TASK DETAILS: Print the listing in its entirety and exactly, leaving out images.

DATA BELOW:
========

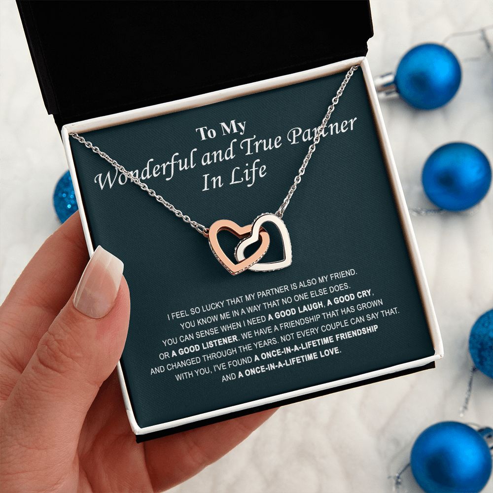 Give her the gift that symbolizes your never-ending love. Featuring two lovely hearts embellished with cubic zirconia crystals, this Interlocking Hearts necklace is the perfect accessory for everyday wear. Whether it's a memorable anniversary or a special birthday, make sure to dazzle your special someone by gifting them this stunning necklace.
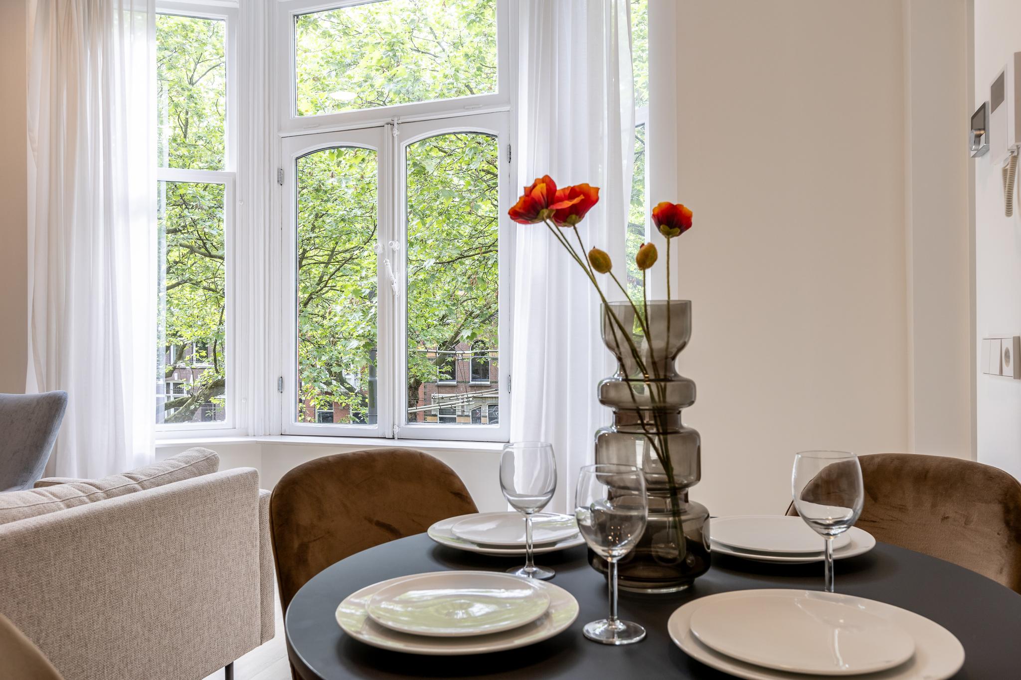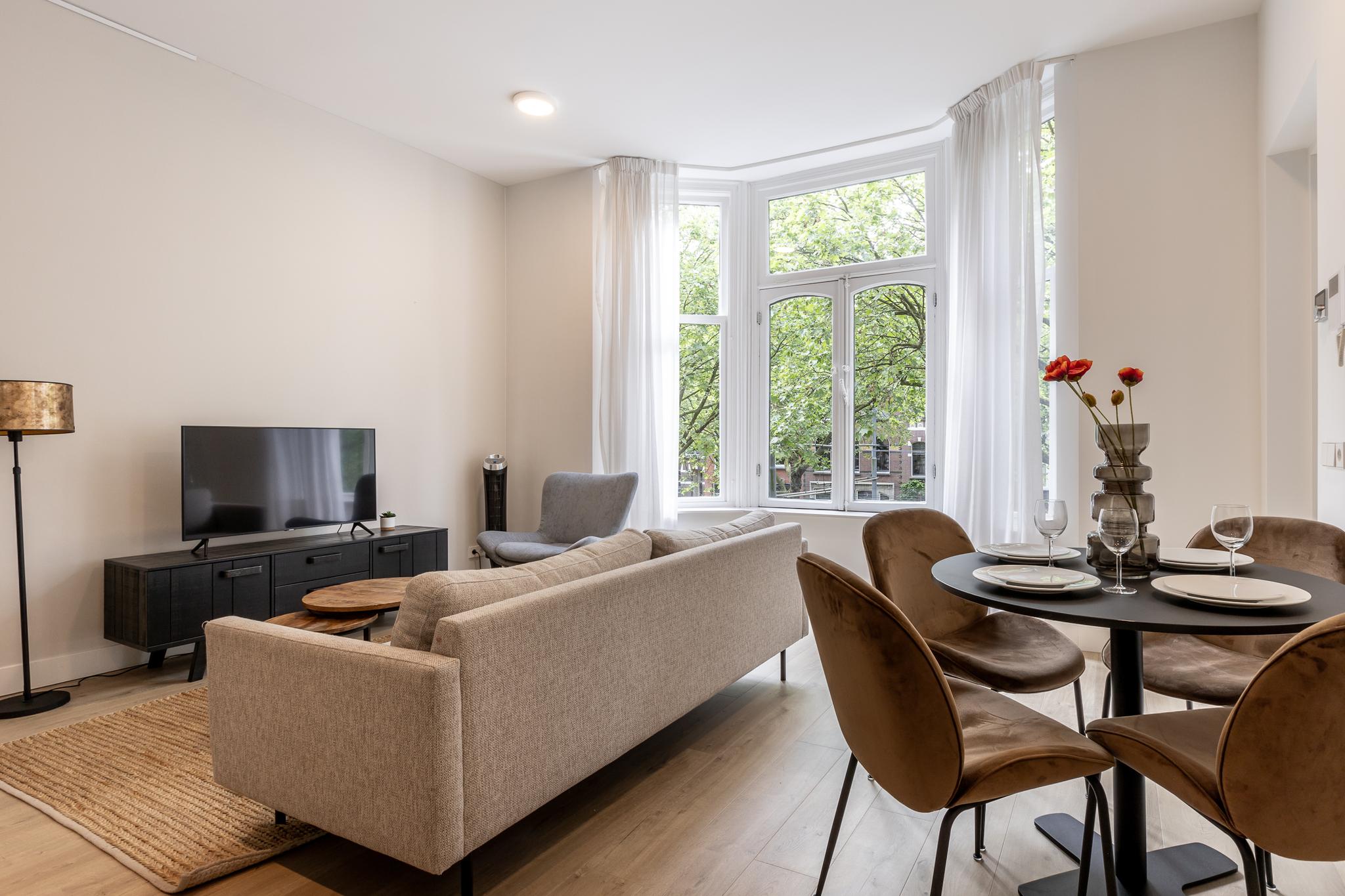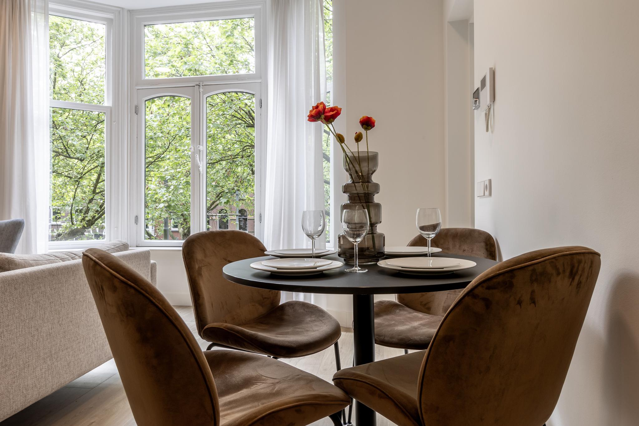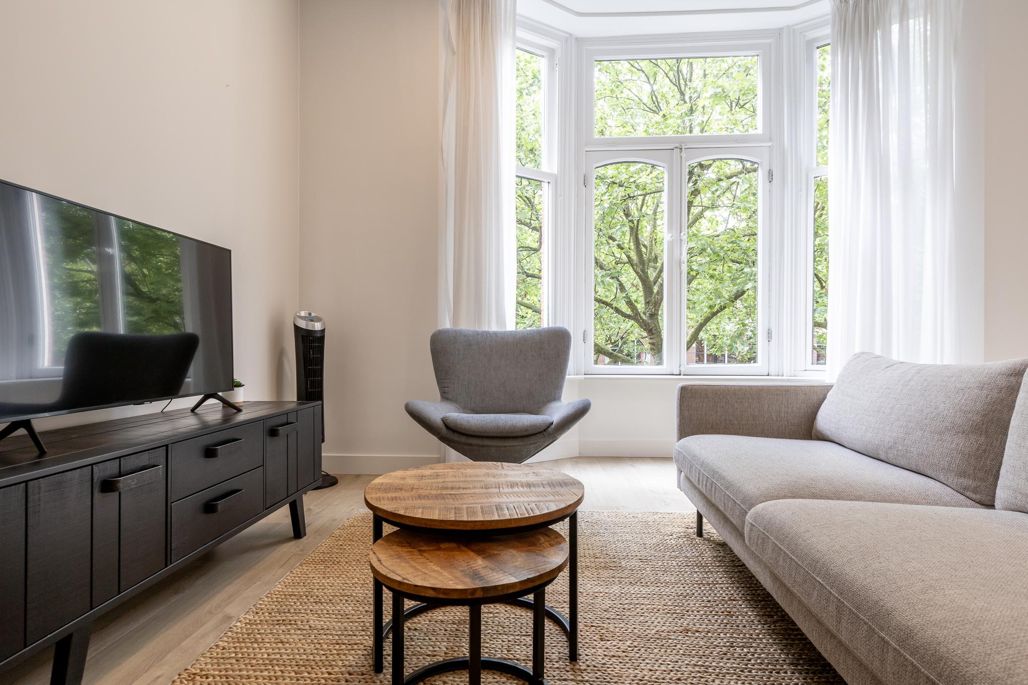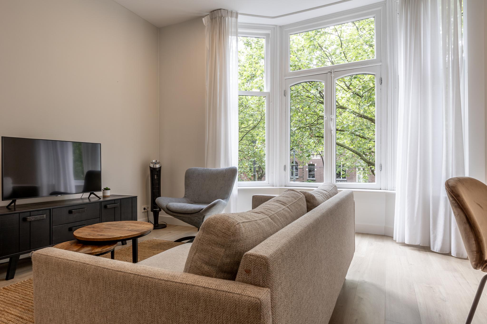 Op de eerste etage gelegen appartement met erker en zicht op de lommerrijke Mathenesserlaan.
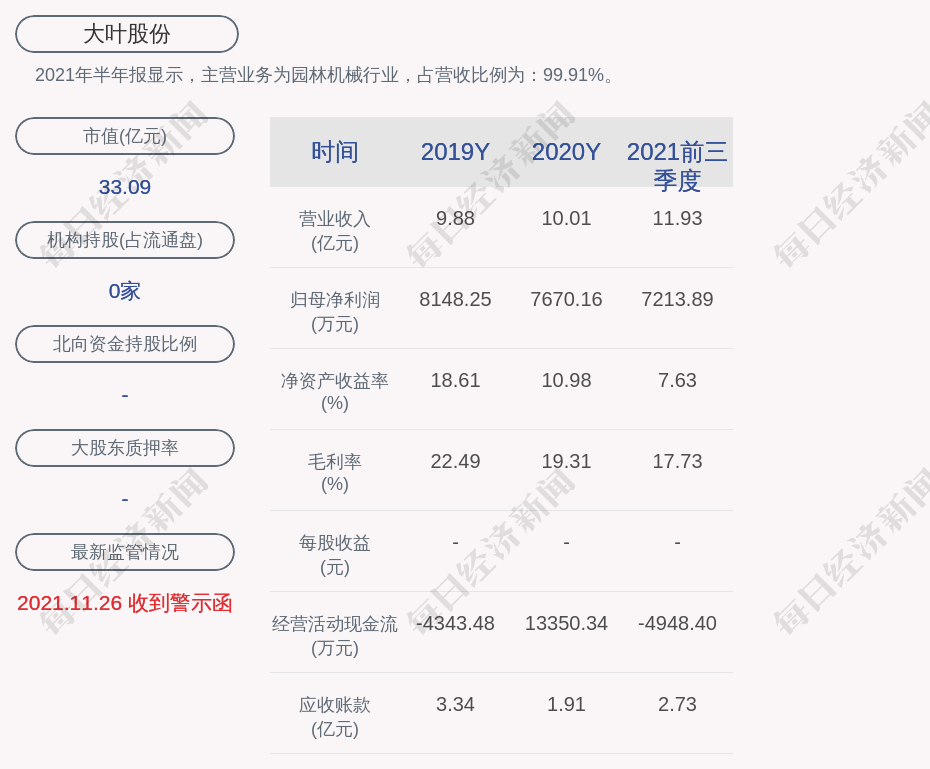 2021年半年报显示,大叶股份的主营业务为园林机械行业,占营收比例为:99.91%。

========

REPLY TO THE EXERCISE:
 Give her the gift that symbolizes your never-ending love. Featuring two lovely hearts embellished with cubic zirconia crystals, this Interlocking Hearts necklace is the perfect accessory for everyday wear. Whether it's a memorable anniversary or a special birthday, make sure to dazzle your special someone by gifting them this stunning necklace.
 Op de eerste etage gelegen appartement met erker en zicht op de lommerrijke Mathenesserlaan.
 2021年半年报显示,大叶股份的主营业务为园林机械行业,占营收比例为:99.91%。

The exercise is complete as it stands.